Source data
══════════════════════════════

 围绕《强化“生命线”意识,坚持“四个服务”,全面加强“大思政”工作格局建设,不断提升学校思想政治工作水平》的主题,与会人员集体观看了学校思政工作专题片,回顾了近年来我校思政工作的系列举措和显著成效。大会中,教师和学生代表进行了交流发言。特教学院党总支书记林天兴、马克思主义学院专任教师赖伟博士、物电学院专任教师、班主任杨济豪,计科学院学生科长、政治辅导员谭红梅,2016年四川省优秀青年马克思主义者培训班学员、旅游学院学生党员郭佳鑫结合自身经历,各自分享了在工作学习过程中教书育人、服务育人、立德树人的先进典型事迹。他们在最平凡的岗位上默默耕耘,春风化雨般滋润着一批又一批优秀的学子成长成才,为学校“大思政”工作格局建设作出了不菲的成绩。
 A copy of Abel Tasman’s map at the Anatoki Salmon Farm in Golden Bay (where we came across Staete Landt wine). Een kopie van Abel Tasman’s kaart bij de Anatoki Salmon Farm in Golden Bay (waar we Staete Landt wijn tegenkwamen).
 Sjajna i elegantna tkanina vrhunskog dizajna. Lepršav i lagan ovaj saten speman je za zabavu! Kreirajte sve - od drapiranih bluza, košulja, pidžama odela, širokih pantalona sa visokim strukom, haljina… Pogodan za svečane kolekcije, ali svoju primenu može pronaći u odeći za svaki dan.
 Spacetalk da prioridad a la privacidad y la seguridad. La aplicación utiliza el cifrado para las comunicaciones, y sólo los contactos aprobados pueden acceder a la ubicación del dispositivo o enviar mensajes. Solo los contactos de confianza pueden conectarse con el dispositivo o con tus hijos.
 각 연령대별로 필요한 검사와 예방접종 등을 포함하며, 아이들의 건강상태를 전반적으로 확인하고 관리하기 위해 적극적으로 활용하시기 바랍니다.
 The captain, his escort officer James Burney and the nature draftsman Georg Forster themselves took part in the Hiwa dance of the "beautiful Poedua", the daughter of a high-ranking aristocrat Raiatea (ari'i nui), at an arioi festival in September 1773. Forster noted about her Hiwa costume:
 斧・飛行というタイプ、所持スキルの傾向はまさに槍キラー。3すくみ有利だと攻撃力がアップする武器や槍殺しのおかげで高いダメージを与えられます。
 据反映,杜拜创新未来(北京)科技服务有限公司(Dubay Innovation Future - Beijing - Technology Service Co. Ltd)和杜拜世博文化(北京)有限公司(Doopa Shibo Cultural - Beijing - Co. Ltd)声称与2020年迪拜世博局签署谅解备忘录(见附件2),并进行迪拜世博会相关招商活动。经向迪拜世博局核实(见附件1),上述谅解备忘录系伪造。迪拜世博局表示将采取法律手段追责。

══════════════════════════════

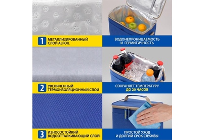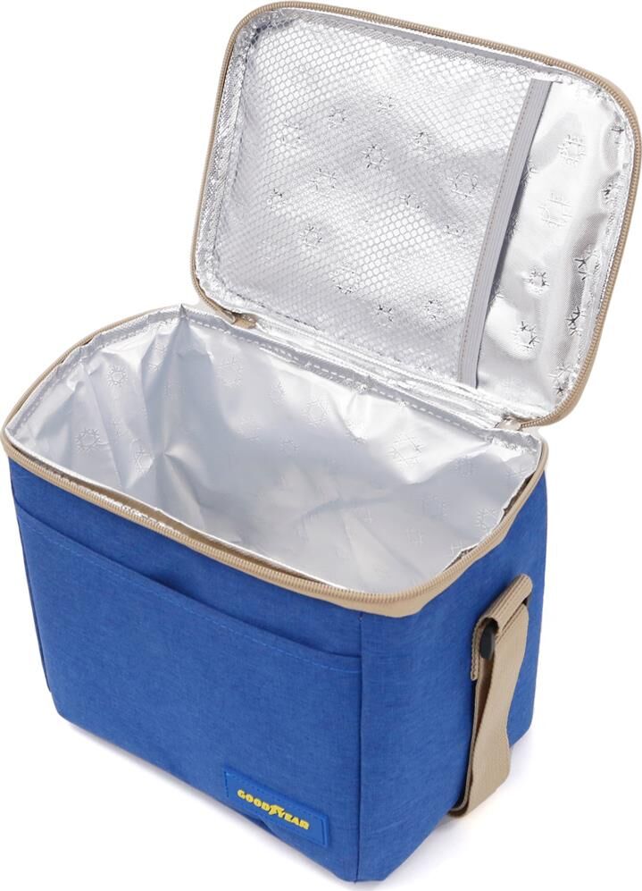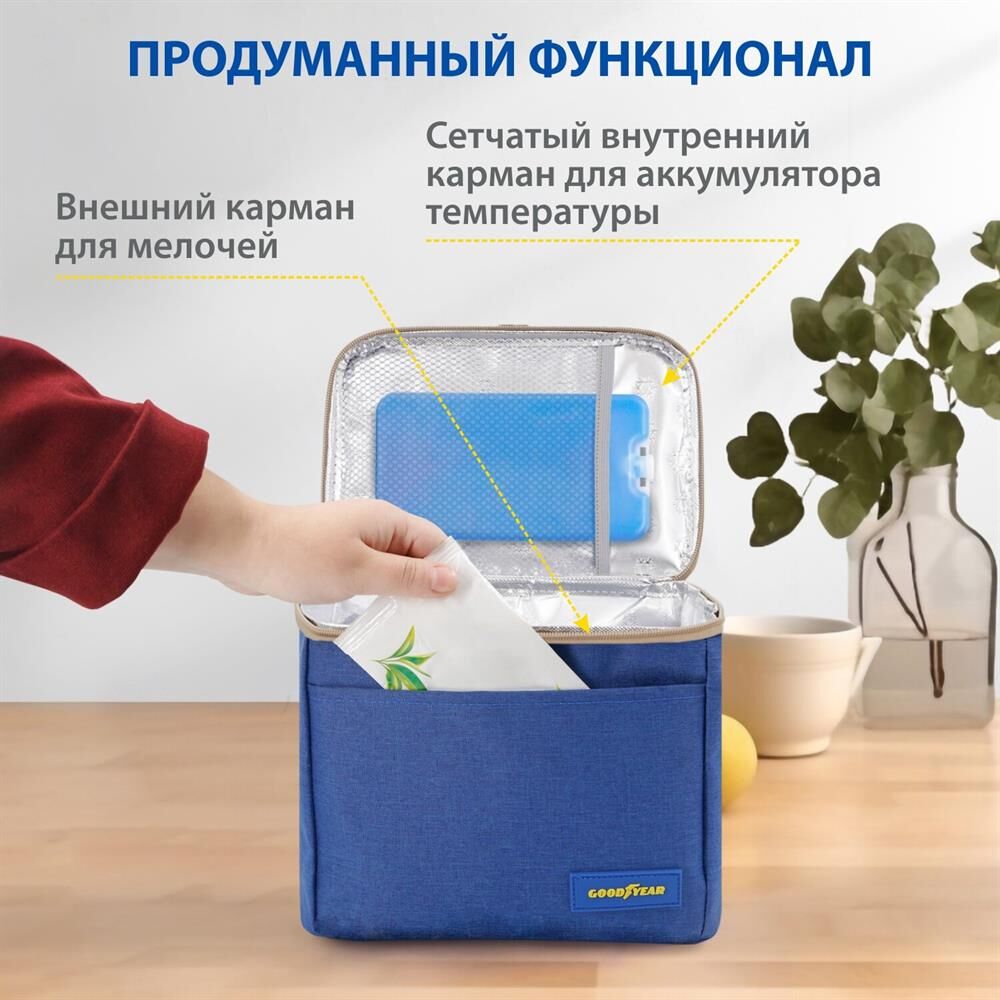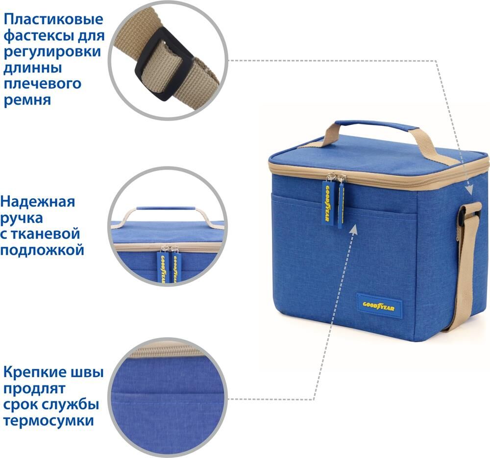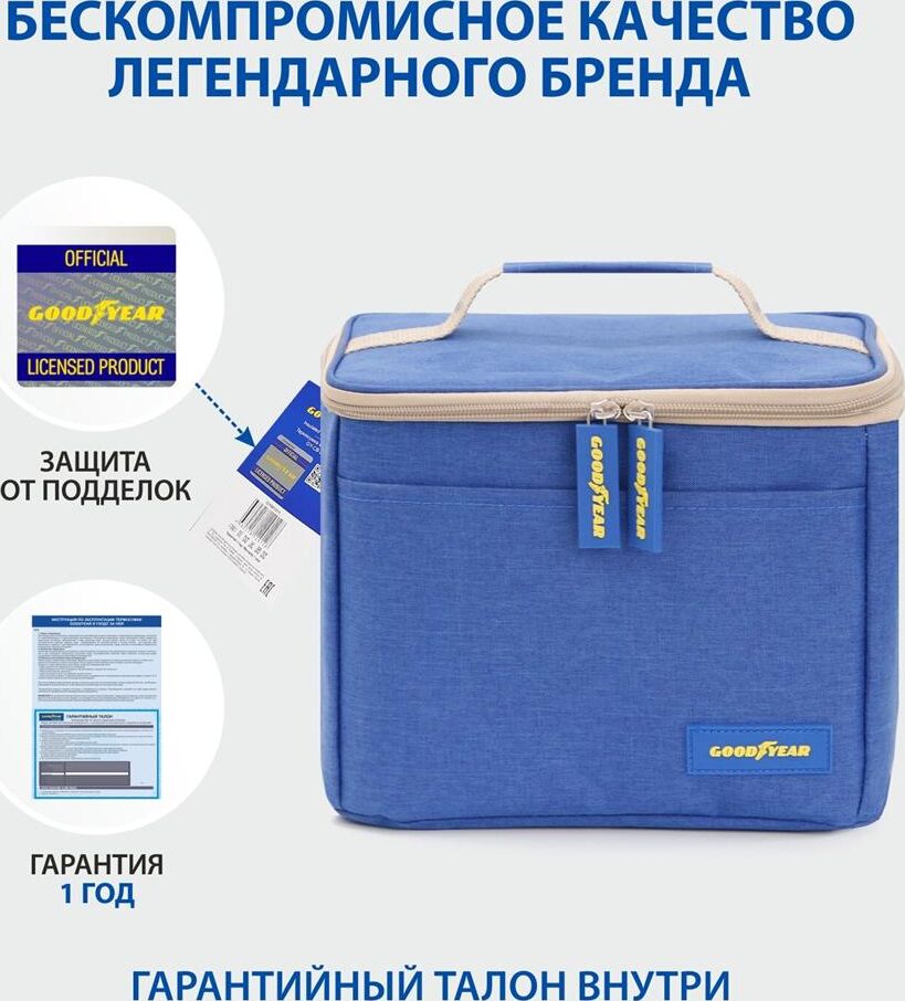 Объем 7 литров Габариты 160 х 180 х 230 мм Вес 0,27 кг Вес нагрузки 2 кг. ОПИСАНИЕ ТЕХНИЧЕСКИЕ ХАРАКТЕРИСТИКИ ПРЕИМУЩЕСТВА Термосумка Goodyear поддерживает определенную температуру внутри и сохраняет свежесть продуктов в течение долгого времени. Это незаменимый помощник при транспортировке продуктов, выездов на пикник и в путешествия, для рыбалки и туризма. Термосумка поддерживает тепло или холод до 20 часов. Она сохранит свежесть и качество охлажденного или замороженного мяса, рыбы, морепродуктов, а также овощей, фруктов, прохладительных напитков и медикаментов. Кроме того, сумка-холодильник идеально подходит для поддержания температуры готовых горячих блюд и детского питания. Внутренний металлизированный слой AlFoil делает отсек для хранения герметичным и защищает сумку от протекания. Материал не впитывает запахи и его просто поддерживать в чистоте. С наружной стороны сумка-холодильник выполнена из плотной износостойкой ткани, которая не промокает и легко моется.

══════════════════════════════

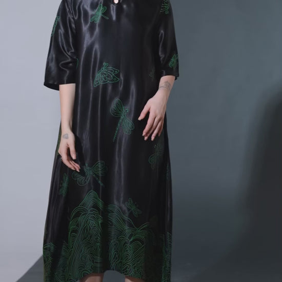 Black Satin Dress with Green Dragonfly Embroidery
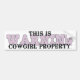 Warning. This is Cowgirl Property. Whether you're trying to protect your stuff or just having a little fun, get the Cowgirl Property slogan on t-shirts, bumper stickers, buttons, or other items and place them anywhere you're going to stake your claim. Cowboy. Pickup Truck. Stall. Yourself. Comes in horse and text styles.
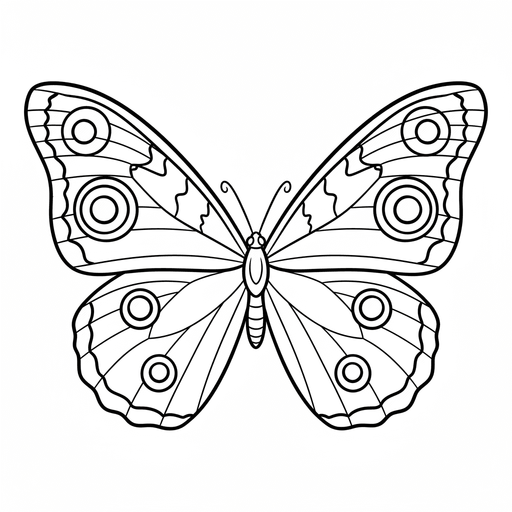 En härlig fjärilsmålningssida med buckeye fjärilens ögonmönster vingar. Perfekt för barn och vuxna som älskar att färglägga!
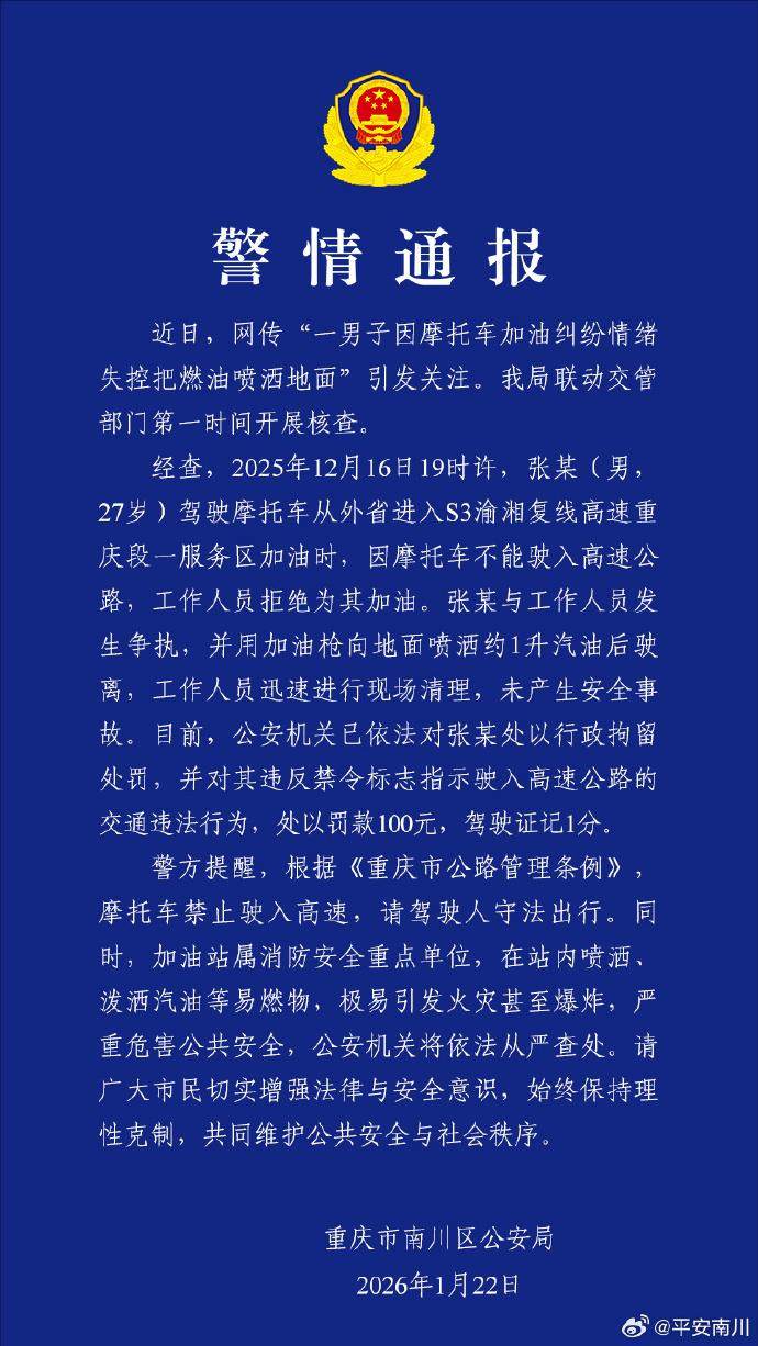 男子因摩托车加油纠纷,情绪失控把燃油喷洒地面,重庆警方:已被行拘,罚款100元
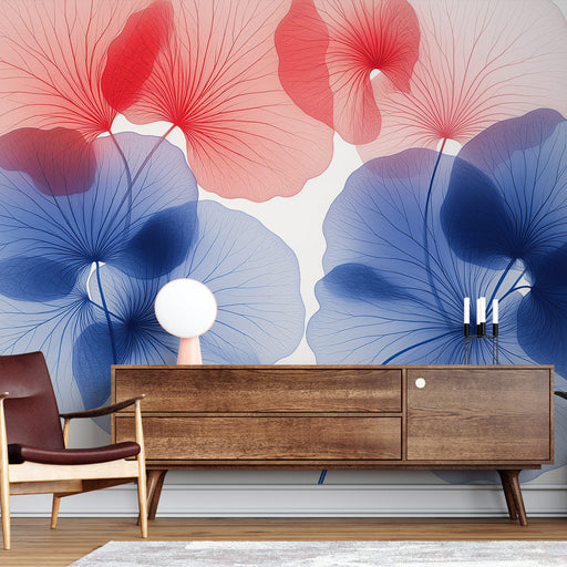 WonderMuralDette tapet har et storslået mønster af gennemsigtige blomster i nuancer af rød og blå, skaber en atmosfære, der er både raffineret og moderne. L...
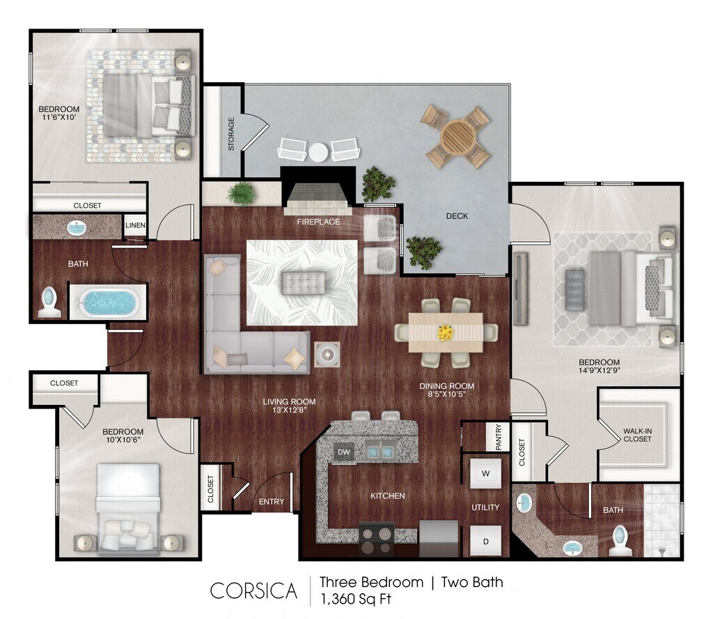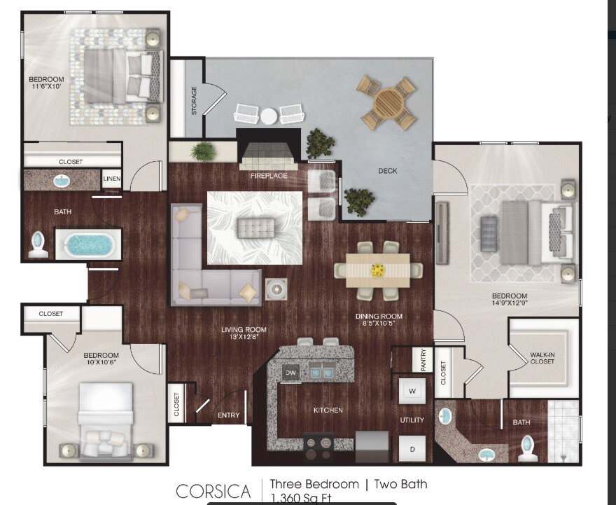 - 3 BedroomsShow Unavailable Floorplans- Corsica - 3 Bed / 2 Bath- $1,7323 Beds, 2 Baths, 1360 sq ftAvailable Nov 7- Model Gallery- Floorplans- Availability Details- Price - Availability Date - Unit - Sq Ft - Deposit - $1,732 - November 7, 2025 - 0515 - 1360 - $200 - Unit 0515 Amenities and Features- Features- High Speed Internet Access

══════════════════════════════

Work item
Retype exactly the lines above, from the one with "斧・飛行というタイプ、所持ス" through the one with "据反映,杜拜创新未来(北京)科技服务有限公司(Dubay Innovation Future", inclusive.

Final answer
 斧・飛行というタイプ、所持スキルの傾向はまさに槍キラー。3すくみ有利だと攻撃力がアップする武器や槍殺しのおかげで高いダメージを与えられます。
 据反映,杜拜创新未来(北京)科技服务有限公司(Dubay Innovation Future - Beijing - Technology Service Co. Ltd)和杜拜世博文化(北京)有限公司(Doopa Shibo Cultural - Beijing - Co. Ltd)声称与2020年迪拜世博局签署谅解备忘录(见附件2),并进行迪拜世博会相关招商活动。经向迪拜世博局核实(见附件1),上述谅解备忘录系伪造。迪拜世博局表示将采取法律手段追责。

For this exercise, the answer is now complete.